**What to work on**: The answer must reproduce all of the data below exactly and contain no images.

=== Given information ===

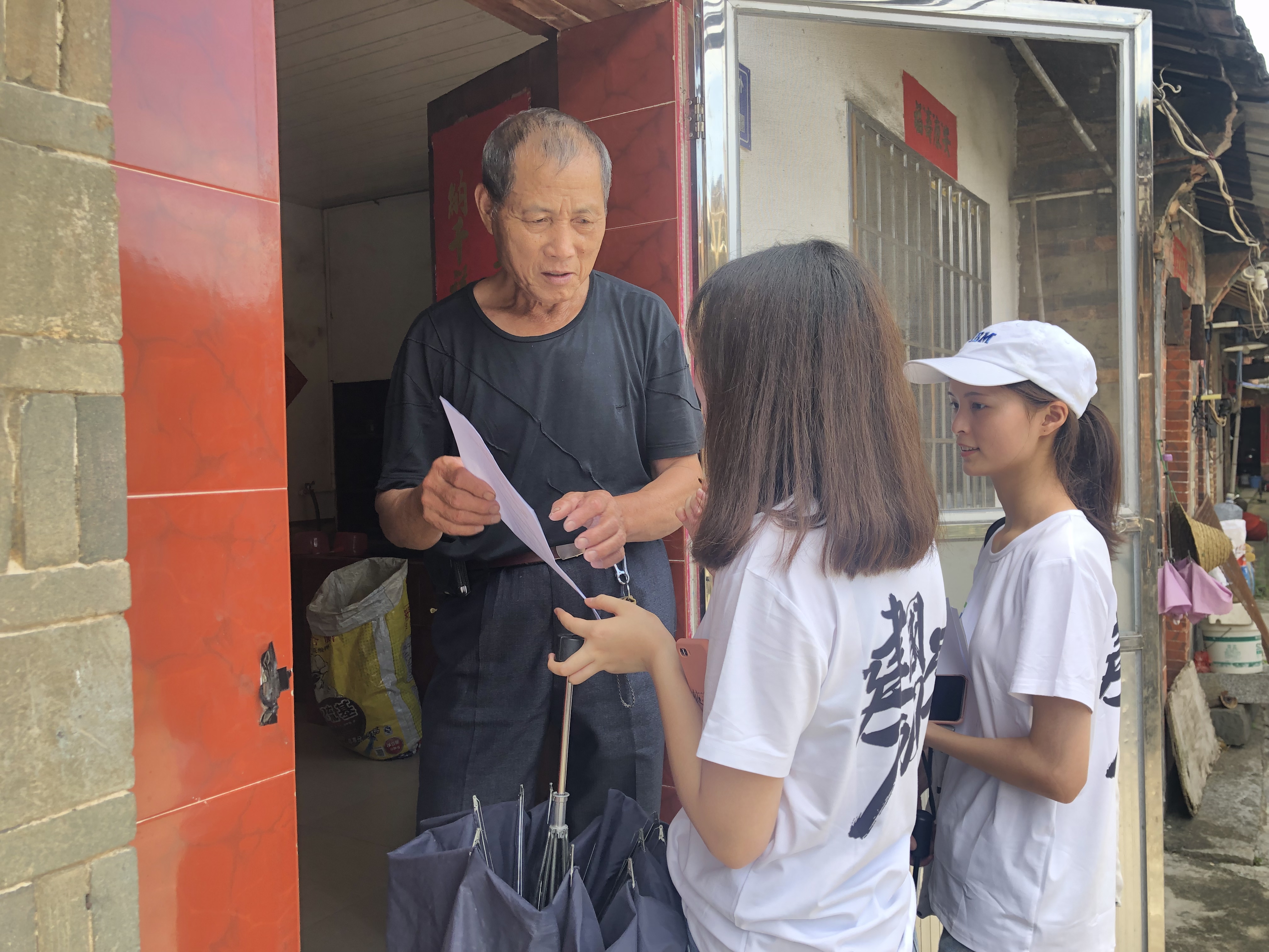 7日上午,队员们走访福建第一古堡——蔡家堡,参观坐落于古堡中心的社会主义农村发展史展览馆,了解新中国成立70年来农村的发展变化和农民的富裕安康,并分组入户开展问卷调查,调研村民对建国70周年的认知和农村发展变化的看法。
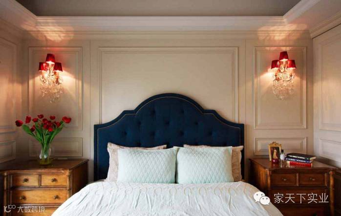 在主卧的墙面规划上,以简约线板搭配红色灯罩的壁灯,增添色彩与主题性。
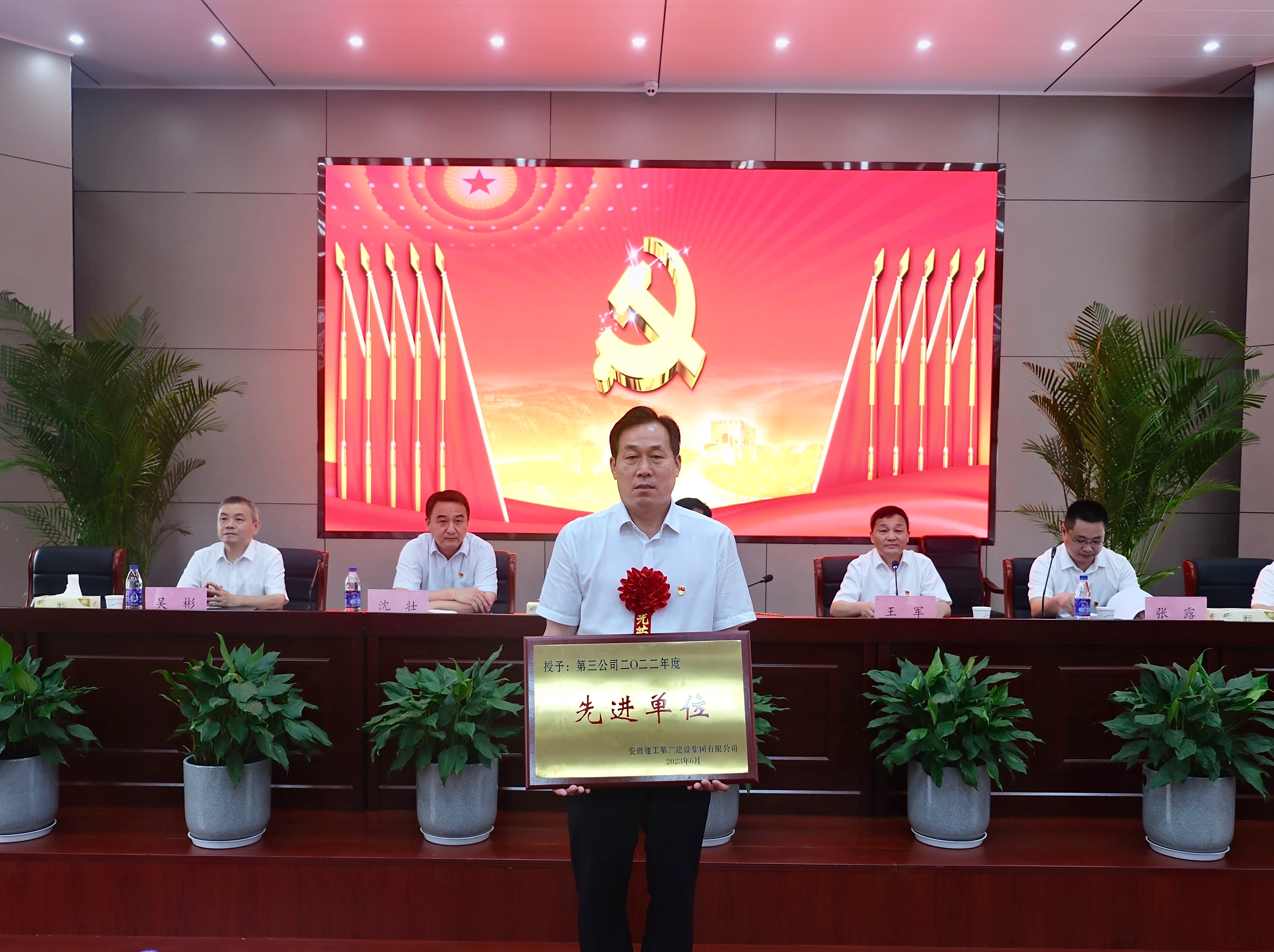 為慶祝中國共產(chǎn)黨成立102周年,深入開展學(xué)習(xí)貫徹習(xí)近平新時代中國特色社會主義思想主題教育,落實黨的二十大精神,6月29日上午,建工二建集團(tuán)在新會議室召開慶祝建黨102周年表彰暨黨課報告會。公司在肥領(lǐng)導(dǎo)、機(jī)關(guān)部門負(fù)責(zé)人及黨員、所屬單位領(lǐng)導(dǎo)班子成員、群團(tuán)工作人員、公司黨委2022年度“兩優(yōu)一先”受表彰集體及受表彰人員代表、公司2022年度“先進(jìn)集體”“先進(jìn)個人”受表彰集體及受表彰人員代表,公司團(tuán)委2022年度“兩優(yōu)一紅”受表彰集體及受表彰人員代表,部分預(yù)備黨員參會。黨委副書記、總經(jīng)理葛輝出席會議并作黨課報告。會議由黨委副書記、工會主席王軍主持。
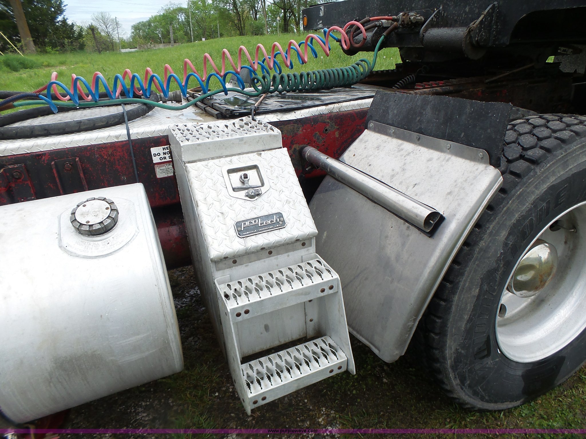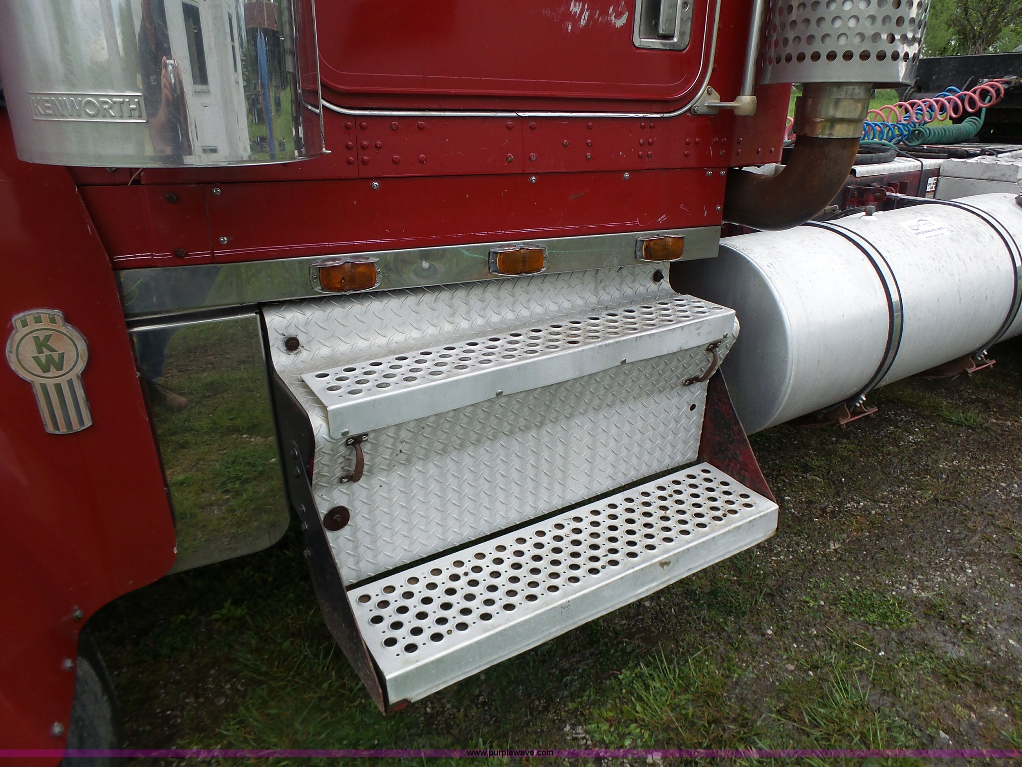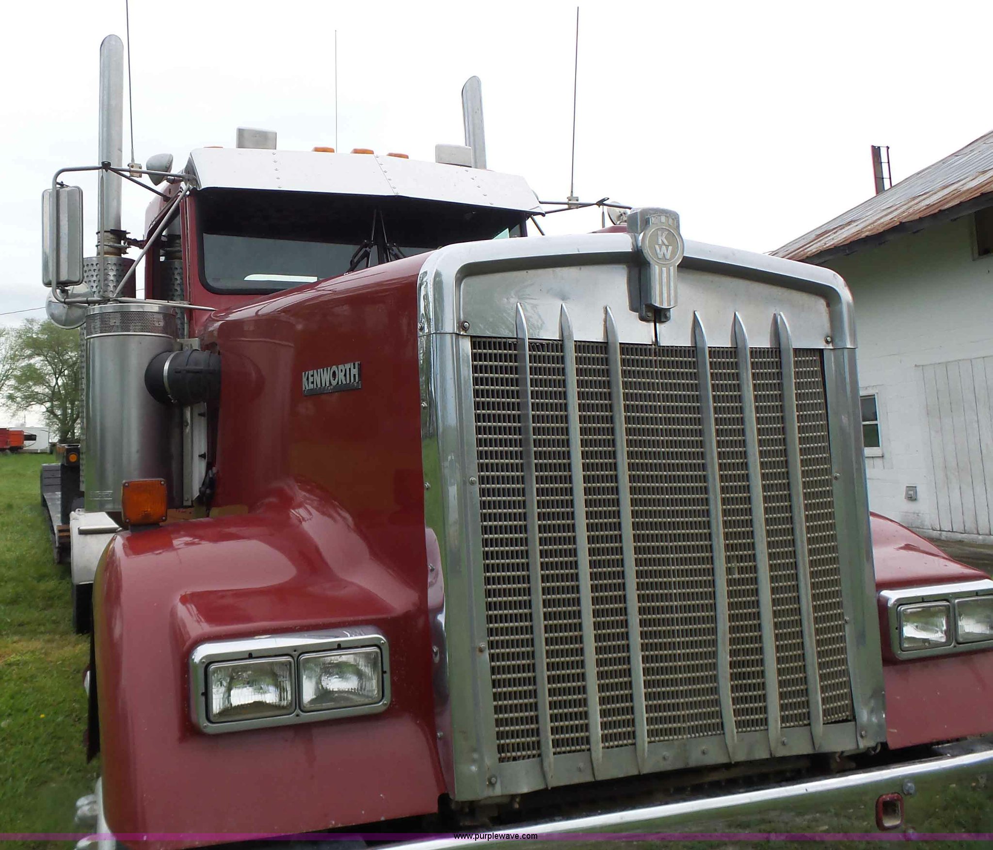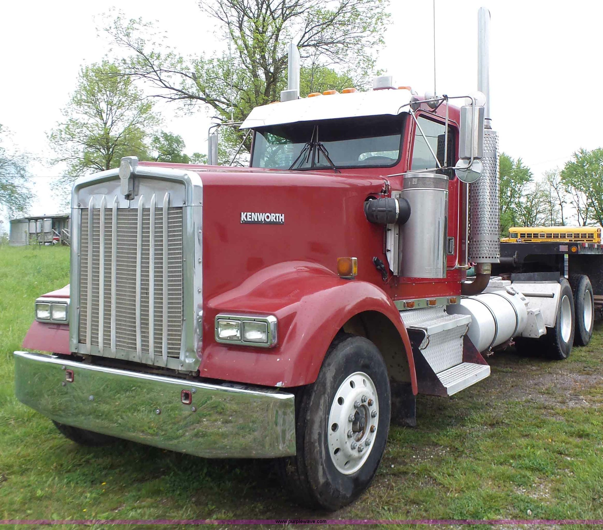 Purple Wave is selling a used Truck Tractor in Missouri. This item is a 1997 Kenworth W900 semi truck with the following: 823,965 miles on odometer, Caterpillar 3406 14.6L L6 turbo diesel engine, Eaton Fuller 18 speed manual transmission, Tandem axle, AC and heat, AM/FM/CD, Heated mirrors, Air suspension seat, Exterior visor, Wet kit, Dual exhaust stacks, Dual fuel tanks, Quarter fenders, Mud flaps, Air suspension, 11R22.5 tires, GVWR 51,100 lbs

===

**Written response**:
 7日上午,队员们走访福建第一古堡——蔡家堡,参观坐落于古堡中心的社会主义农村发展史展览馆,了解新中国成立70年来农村的发展变化和农民的富裕安康,并分组入户开展问卷调查,调研村民对建国70周年的认知和农村发展变化的看法。
 在主卧的墙面规划上,以简约线板搭配红色灯罩的壁灯,增添色彩与主题性。
 為慶祝中國共產(chǎn)黨成立102周年,深入開展學(xué)習(xí)貫徹習(xí)近平新時代中國特色社會主義思想主題教育,落實黨的二十大精神,6月29日上午,建工二建集團(tuán)在新會議室召開慶祝建黨102周年表彰暨黨課報告會。公司在肥領(lǐng)導(dǎo)、機(jī)關(guān)部門負(fù)責(zé)人及黨員、所屬單位領(lǐng)導(dǎo)班子成員、群團(tuán)工作人員、公司黨委2022年度“兩優(yōu)一先”受表彰集體及受表彰人員代表、公司2022年度“先進(jìn)集體”“先進(jìn)個人”受表彰集體及受表彰人員代表,公司團(tuán)委2022年度“兩優(yōu)一紅”受表彰集體及受表彰人員代表,部分預(yù)備黨員參會。黨委副書記、總經(jīng)理葛輝出席會議并作黨課報告。會議由黨委副書記、工會主席王軍主持。
 Purple Wave is selling a used Truck Tractor in Missouri. This item is a 1997 Kenworth W900 semi truck with the following: 823,965 miles on odometer, Caterpillar 3406 14.6L L6 turbo diesel engine, Eaton Fuller 18 speed manual transmission, Tandem axle, AC and heat, AM/FM/CD, Heated mirrors, Air suspension seat, Exterior visor, Wet kit, Dual exhaust stacks, Dual fuel tanks, Quarter fenders, Mud flaps, Air suspension, 11R22.5 tires, GVWR 51,100 lbs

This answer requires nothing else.